## WORK INSTRUCTION
Would you return the data exactly as given, except for its pictures?
++++ DATA LISTING
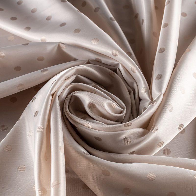Подкладочная ткань легкая, с жаккардовым "горохом" благородного кремового оттенка, с красивым блеском. Не  просвечивает, хорошо скользит. Подойдет для изготовления таких изделий, как пальто, костюмы, куртка, шуба, платье, жакет.
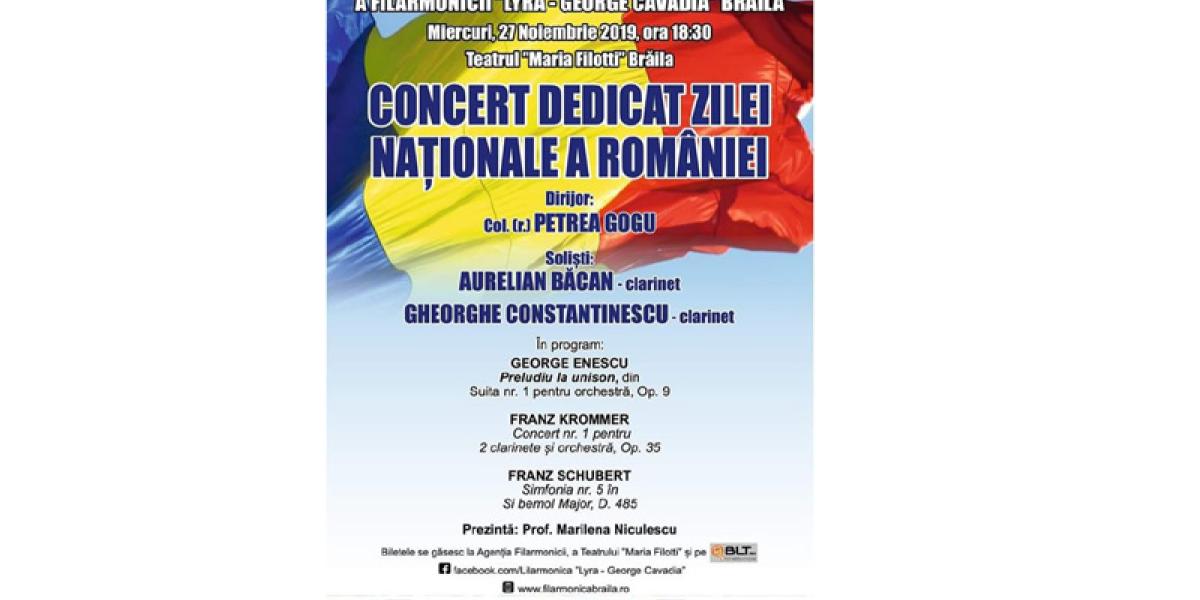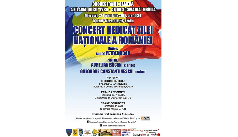 Miercuri, 27 Noiembrie 2019, de la ora 18:30, în Sala Mare a Teatrului “Maria Filotti” Brăila, Orchestra de Cameră a Filarmonicii “Lyra-George Cavadia dirijată de col(r) Petrea Gogu va susţine un Concert dedicat Zilei Naţionale a României.
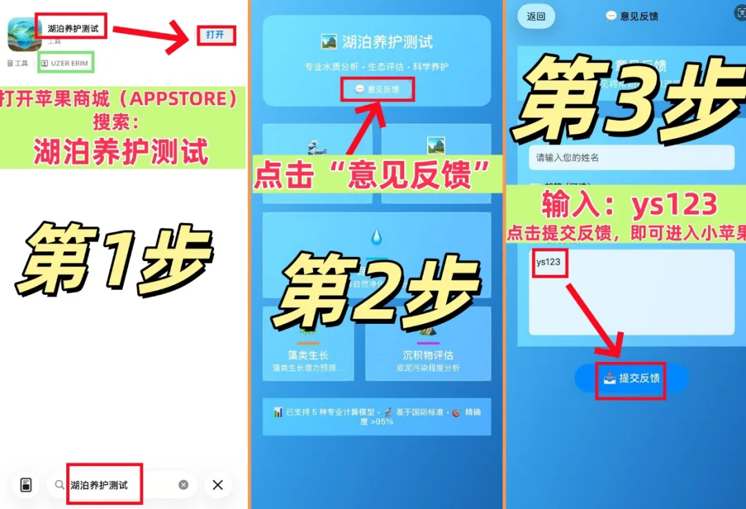 在【问题反馈】中输入“ys123”并提交反馈,显示“提交成功”即可进入小苹果。
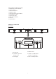 INCLUDED IN THIS PACKAGE 1 x Bluetooth® Stereo Soundbar 1 x Power adapter 1 x Instruction manual 1 x Remote control 1 x CR 2025 button cell (included) 1 x 3.5mm aux in cable 1 x RCA audio cable 2 x Wall mount brackets 4 x Screws 4 x Wall anchors PRODUCT OVERVIEW Front View AUX AUX TUN- TUN+ 1 2 VOL- TUN- TUN+ VOL+ SOURCE VOL- 3 4 VOL+ 5 1. AUX IN jack 4. Remote sensor 2. Tune down / previous Tune up / next 3. LCD display 5. Volume - (volume down) Volume + (volume up) 6.
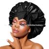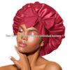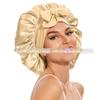 Elastische Schlaf- und Duschhaube aus Satin mit breiter Krempe für Damen – einfarbig, Größe L
++++++++
## OUTPUT OF THE TASK
Подкладочная ткань легкая, с жаккардовым "горохом" благородного кремового оттенка, с красивым блеском. Не  просвечивает, хорошо скользит. Подойдет для изготовления таких изделий, как пальто, костюмы, куртка, шуба, платье, жакет.
 Miercuri, 27 Noiembrie 2019, de la ora 18:30, în Sala Mare a Teatrului “Maria Filotti” Brăila, Orchestra de Cameră a Filarmonicii “Lyra-George Cavadia dirijată de col(r) Petrea Gogu va susţine un Concert dedicat Zilei Naţionale a României.
 在【问题反馈】中输入“ys123”并提交反馈,显示“提交成功”即可进入小苹果。
 INCLUDED IN THIS PACKAGE 1 x Bluetooth® Stereo Soundbar 1 x Power adapter 1 x Instruction manual 1 x Remote control 1 x CR 2025 button cell (included) 1 x 3.5mm aux in cable 1 x RCA audio cable 2 x Wall mount brackets 4 x Screws 4 x Wall anchors PRODUCT OVERVIEW Front View AUX AUX TUN- TUN+ 1 2 VOL- TUN- TUN+ VOL+ SOURCE VOL- 3 4 VOL+ 5 1. AUX IN jack 4. Remote sensor 2. Tune down / previous Tune up / next 3. LCD display 5. Volume - (volume down) Volume + (volume up) 6.
 Elastische Schlaf- und Duschhaube aus Satin mit breiter Krempe für Damen – einfarbig, Größe L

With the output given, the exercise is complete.